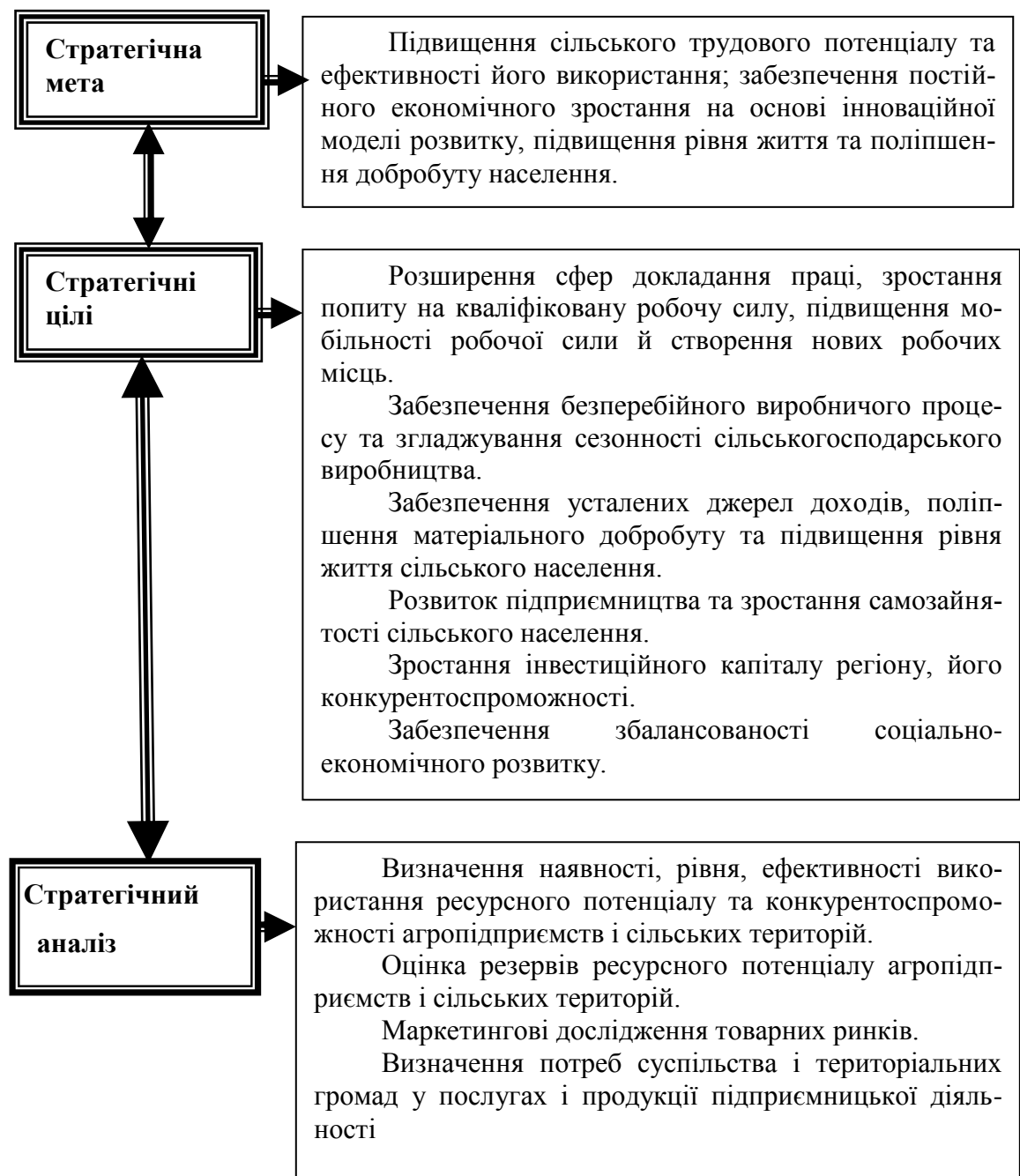
Рис. 2. Формування мети та цілей стратегії зростання трудової активності сільського населення*.
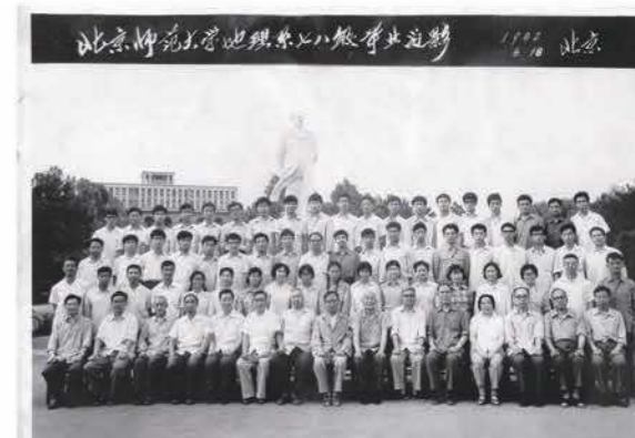
地理系1978级校友毕业留念
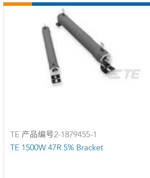
TE 产品编号2-1879455-1 TE 1500W 47R 5% Bracket
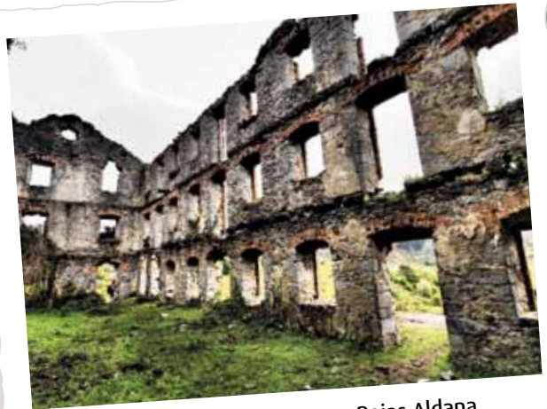
AKZESITA / ACCÉSIT

> [Task directions]:
Give the lines from the one containing "地理系1978级校友毕业留念" through the last line of the material again, exactly and with no pictures, both ends included.

> [Written solution]:
地理系1978级校友毕业留念
TE 产品编号2-1879455-1 TE 1500W 47R 5% Bracket
AKZESITA / ACCÉSIT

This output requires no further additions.